Here is another interesting one (like from that one): https://answers.splunk.com/answers/43285/error-tcpinputproc-error-encountered-for-connection-from-ti...
I was rummaging around Splunk answers looking for information about the heartbeat function that forwarders use. in the Splunk Answers topic What does the heartbeatFrequency setting do in outputs.conf? rphillips_splunk states:
1. How often (in seconds) to send a heartbeat packet to the receiving server.
2. Heartbeats are only sent if sendCookedData=true.
3. Defaults to 30 (seconds).
Heartbeat is a mechanism for the forwarder to know that the receiver (i.e. indexer) is alive. If the indexer does not send a return packet to the forwarder, the forwarder will declare this receiver unreachable and not forward data to it. By default a packet is sent every 30s.
I have been under the impression that the indexer does not need to communicate with forwarders except on port 8089 to send Deployment App bundles. I'm wondering what port the indexer uses to talk to the forwarder to convey this return packet rphillips_splunk mentions.

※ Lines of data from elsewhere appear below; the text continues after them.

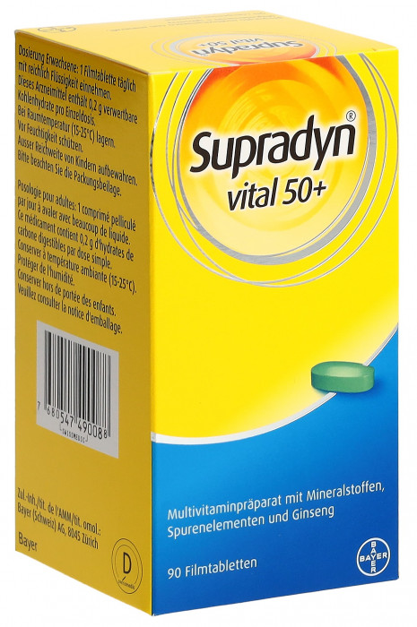 Supradyn Vital 50+ enthält die wichtigsten Vitamine, essentiellen Mineralien und Spurenelemente sowie Ginseng in ausgewogenen Mengen für Erwachsene im Alter von über 50 Jahren. Vitamine und Mineralien sind lebensnotwendige Substanzen, die dem Organismus mit der Nahrung zugeführt werden.
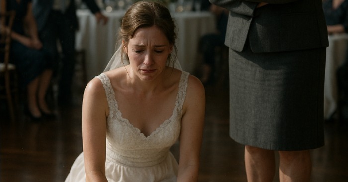Vain hän seisoi nurkassa — nuori morsian valkoisessa mekossa, kädet hieman vapisten.
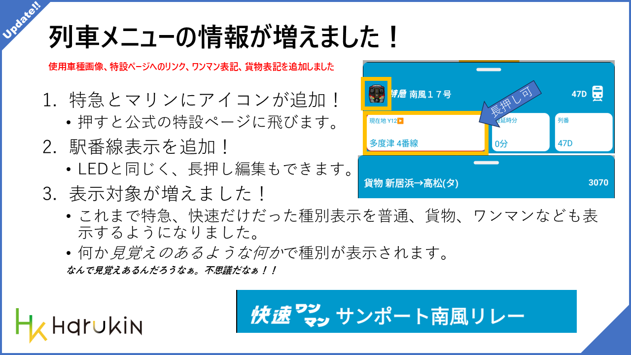 [JR四国非公式アプリ]新機能ニュース ver.5.6 (2025/01/09)
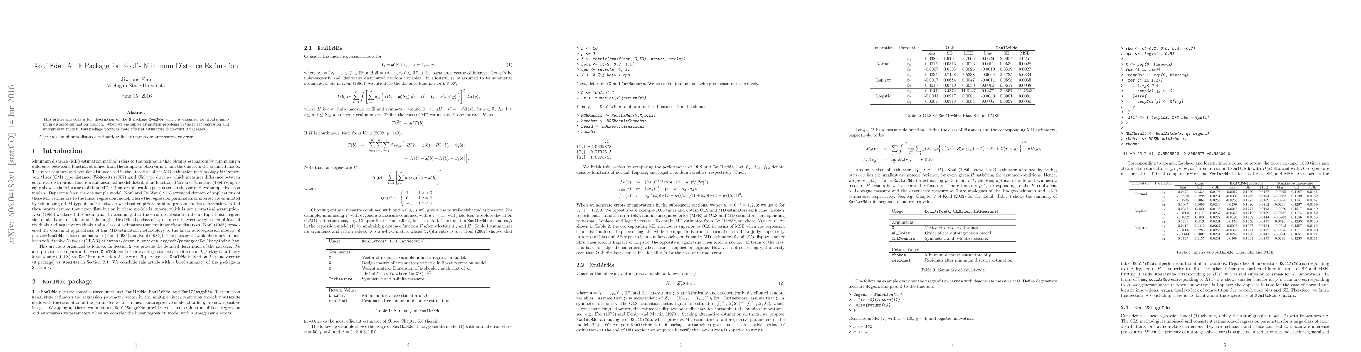 Summary: KoulMde is an R package for implementing Koul's minimum distance estimation method, offering more efficient estimators for linear regression and autogressive models compared to other R packages. It enhances estimation accuracy in these statistical models.

sendCookedData is a parameter in the tcpout stanza in outputs.conf. It is by default true, so it is set for all newly installed forwarders by default. I'm wondering what the effect would be on the forwarder if a firewall rule was blocking the indexer from getting the return packet to the forwarder after receiving the heartbeat transmission.